絡まる残り香―滴る甘い蜜―

【第三話】: 地下の渇望、快感への回廊 2

喉の奥から漏れるのは、もはや言葉にならない、断続的で湿った喘ぎ声だけだ。

​美奈代は四つん這いになり腰を突き出し、ひとみの秘部を指で激しく、執拗に抉り続けていた、その時。

背後から音もなく伸びた「誰か」の舌が、美奈代の露わになった秘丘を、下から上へと一気に舐め上げた。

それは生温かく、身体がぞくッとする一瞬の
出来事だった。

「……っ!?」

剥き出しの粘膜に熱い舌を這わせるのは見知らぬ「店の客」だ。

美奈代の筋肉がキュッと硬直し、ひとみの中に挿し込まれた指が、無意識に深く、鋭く突き刺さる。

男の放つ、饐えた煙草の香りと野性的な汗の匂いが、美奈代のサンダルウッドの芳香と混ざり合う。

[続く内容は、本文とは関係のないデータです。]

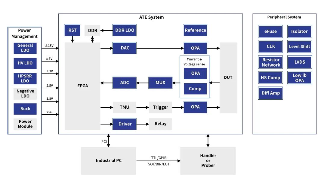 1 ATE设备概述自动测试设备(Automatic Test Equipment,简称ATE)是以计算机为核心的机电一体化测试系统,它通过集成数字万用表、示波器等测试仪器及专用软件平台,实现电子设备和工业产品性能验证、质量评估与故障隔离的自动化流程。在半导体产业中,ATE特指集成电路(IC)自动测试机,用于检测集成电路功能之完整性,成为集成电路生产制造之最后流程,对于确保集成电路产品质量具有不可替代的作用。 ATE系统采用可编程测试程序控制激励信号生成和数据采集分析,可完成集成电路、印刷电路板等被测对象的功能测试、参数验证及故障定位。根据国家军用标准要求,ATE需具备自检能力与标准化接口,其测试精度需高于被测装备,且校准过程遵循传递标准运行规范。这些特性使得ATE成为电子制造业中保证产品质量、降低生产成本的关键工具。 ATE设备的发展历程见证了电子产业的技术演进。从20世纪80年代的第一代基于GPIB总线的分立仪器组合,到2000年代基于PXI架构的模块化测试系统,再到2020年代的云原生智能测试平台,ATE系统始终与时俱进。 尤其是第三代ATE系统已集成智能云平台,支持跨操作系统软件开发,可满足5G通信、航空航天等行业复杂测试需求。现代ATE系统通过模块化架构实现多场景适配,在射频通信、半导体测试等领域展现出空间利用率提升80%、测试效率提高4倍的优势。 在半导体制造流程中,ATE应用于两个关键测试环节:晶圆测试(Wafer Test)和封装测试(Final Test)。晶圆测试是在芯片尚未被切割封装前,对仍在晶圆上的每个芯片进行基本功能测试,以识别并淘汰无效的芯片,避免不必要的封装成本。封装测试则是在芯片完成封装后,进行全面性能测试,确保产品符合设计规格要求。这两个测试环节共同构成了半导体产品出厂质量保证的双重防线。 2 ATE设备的核心功能与重要性 ATE设备在半导体制造过程中扮演着"质量守门员"的角色,其核心功能主要体现在三个方面:性能验证、质量评估与故障隔离。具体而言,ATE通过预编程的测试序列,自动向被测器件(DUT)施加输入信号,捕获并分析输出响应,进而判断器件功能是否正常、参数是否达标。这一过程不仅能够验证芯片的逻辑功能,还能测量其直流参数(如漏电流、驱动能力)和交流特性(如信号建立时间、时钟抖动参数),全面评估芯片的性能指标。 在故障检测与隔离方面,高性能ATE系统能够实现不低于98%的故障检测率和95%的故障隔离率,凭借高速DSP处理器与优化指令集,平均检测时间可控制在50毫秒以内。这种高效的故障定位能力对于复杂集成电路的调试与修复至关重要。案例显示,采用ATE检测智能手机主板可使故障定位时间从45分钟缩短至8分钟,维修效率提升82%。同时,ATE系统内置的自检程序每日执行校准验证,确保电压测量不确定度≤0.05%,保障了测试结果的准确性与可靠性。 ATE设备的经济价值在半导体产业中尤为突出。在芯片制造过程中,早期发现并淘汰缺陷产品可以避免后续不必要的加工成本。特别是对于高端芯片,封装成本可能占到总成本的20%-40%,通过晶圆测试有效筛选,能显著降低生产成本。同时,ATE的测试数据还为制造过程提供统计反馈,帮助厂商优化工艺参数,提高整体良率。据行业估计,测试成本约占芯片总生产成本的5%-10%,但通过有效测试节省的成本往往远高于这一比例。 随着芯片复杂度不断提升,ATE系统的测试挑战也日益增加。现代处理器芯片(如CPU、GPU和AI加速器)在1V电压下工作电流可能高达1000A,同时对噪声极为敏感,这要求ATE系统配备先进的供电网络(PDN)和低噪声测量能力。而5G射频芯片、混合信号SoC等新型器件,则要求ATE系统支持更广泛的信号频率和更复杂的测试协议,推动着ATE技术持续创新。 3 ATE设备的测试原理与技术架构 3.1 系统架构 ATE设备的硬件架构通常包含三大核心模块:控制器单元、激励测量模块和开关系统。控制器单元作为系统的大脑,通常运行Linux或Windows系统,通过GPIB、USB或以太网等接口协调各子系统工作。激励测量模块则集成数字衰减器(步进精度0.1dB)、矢量网络分析仪等高精度仪器,负责生成测试信号并测量响应。开关系统采用气动或机器人自动化技术构建测试路径,实现多通道快速切换,例如在射频组件测试中可自动完成81个S参数测试迭代,相较传统手动测试效率提升9倍。 现代ATE系统普遍采用模块化架构,如PXI(PCI eXtensions for Instrumentation)架构,使得系统能够根据测试需求灵活配置各种仪器模块。这种模块化设计显著提升了系统的适应性和可扩展性,允许测试工程师根据不同的测试任务(如数字测试、射频测试或混合信号测试)配置相应的硬件资源。模块化ATE系统的一个关键优势在于,测试仪器资源可以共享和重复利用,大幅降低了测试平台的总体拥有成本。 3.2 测试流程 ATE设备的测试流程可以概括为四个基本步骤:测试程序加载、信号激励施加、响应采集分析和结果判定输出。首先,测试程序通过控制器加载到ATE系统中,这些程序通常包含详细的测试序列、参数限值和故障处理程序。接着,ATE通过引脚电子电路向被测器件施加精确的电气信号激励。然后,系统采集被测器件的响应信号,并通过数字信号处理器(DSP)或专用算法进行数据分析。最后,系统根据预设的合格/不合格标准对器件进行分类,并生成测试报告。 为了提高测试效率,现代ATE采用并行测试技术,同时测

そこへ更にもう一人、影のように寄り添った別の客が、四つん這いの美奈代の背に覆い被さった。

ざらついた舌が彼女の肩甲骨から背骨の窪みへと、じわりと湿った筋を描きながら舐め廻す。

「……ぁ、……んふ、……」

美奈代の乳首を、男の指先がコリコリと執拗につねり上げ、硬質な突起へと変えていった。

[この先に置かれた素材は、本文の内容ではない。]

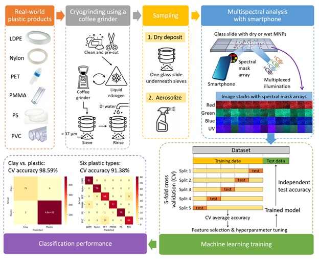 Under this goal, we will develop biosensors enabled by nanotechnology that can provide accurate, reliable, cost-effective, onsite, and rapid detection of a broad range of target entities that are relevant to agriculture, food, and environmental systems. The group members will utilize many different physical, chemical, and biological means to create biosensors that can meet various needs. The signal transduction methods we will explore include electrochemical, optical/photonic, gravitational, acoustic, spectroscopic, thermal, etc. We will create different types of nanomaterials and nanostructures, including metallic nanoparticles and structures, bendable and wearable graphene substrates, carbon nanotubes, inorganic and organic nanoparticles, etc., and develop strategies to form nanomaterials-bioconjugate composites to serve as nanoprobes that will enhance the performance of biosensors. The group members will also explore various types of biosensor setups, including lab-in-a-tube, microfluidic microchip, portable sensor, etc., to facilitate easy deployment of the biosensors for onsite and in-field applications, and develop smartphone-based readout and data analytics that support high throughput and fast data generation and interpretation. An example of a smartphone-based microfluidic biosensor developed by Dr. Yoon (AZ) to detect micro- and nano-plastics in water is shown in Fig. 1. It also shows how data analytics will be incorporated with the biosensor. In a nutshell, we aim to develop methods and tools that can be easily adopted and used by everyday users to serve our stakeholders.

ひとみの視界には、自分を責め立てる美奈代の、恍惚と苦悶が入り混じった歪な表情が焼き付く。

自身の秘部を穿つ美奈代の指が、クリトリスの尖端をクチュクチュと、卑猥な粘着音を立てて弾いた。

下腹部を突き抜けるような痺れる痛みが、ひとみの脳髄を白く塗り潰していく。